View on relationships:

(Try to give an explanation for these views, if possible. Take your time.

There are people who adore solitude and think of relationships as prisons, and sometimes there are extremely dependent people who always need someone by their side. There are all kinds of options here.)

Sexual orientation:

There is a whole spectrum between straight and gay, and I have characters in many of those spots. Knowing the difference between bi-curiousness, heteroflexibility and bisexuality – and knowing which characters are in each group – makes a huge difference when you’re writing about their sexualities. If not straight, is your character in the closet? If yes, why? If not, how did he/she come out?

Past relationships (optional):

(Optional…and awkward) How does he/she view sexual experiences?  What is the importance of sex for this character? This can range anywhere from waiting until marriage, to thinking it isn’t a big deal, to having a severe aversion towards everything about it:

Are they a social person? Explain:

 (Remember.
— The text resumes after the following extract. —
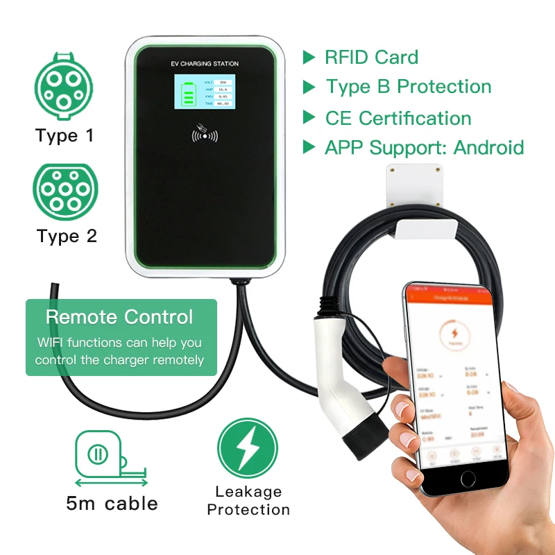 16A 1 фаза EVSE Wallbox EV зарядное устройство электромобиль зарядная станция с кабелем типа 1/2 IEC 62196-2 для Audi MINI Cooper Smart

There is such thing as “social introverts”, as well as “antisocial extroverts”. You must be somewhat familiar with the spectrum of different personalities before making a decision here.)

How important are friends to them?

Who are their most salient friends? Write a little bit about how they met, the things they went through, and what made them become so close.And if necessary, what tore their friendship apart:

(Note: “Salient”=most important/most noticeable.)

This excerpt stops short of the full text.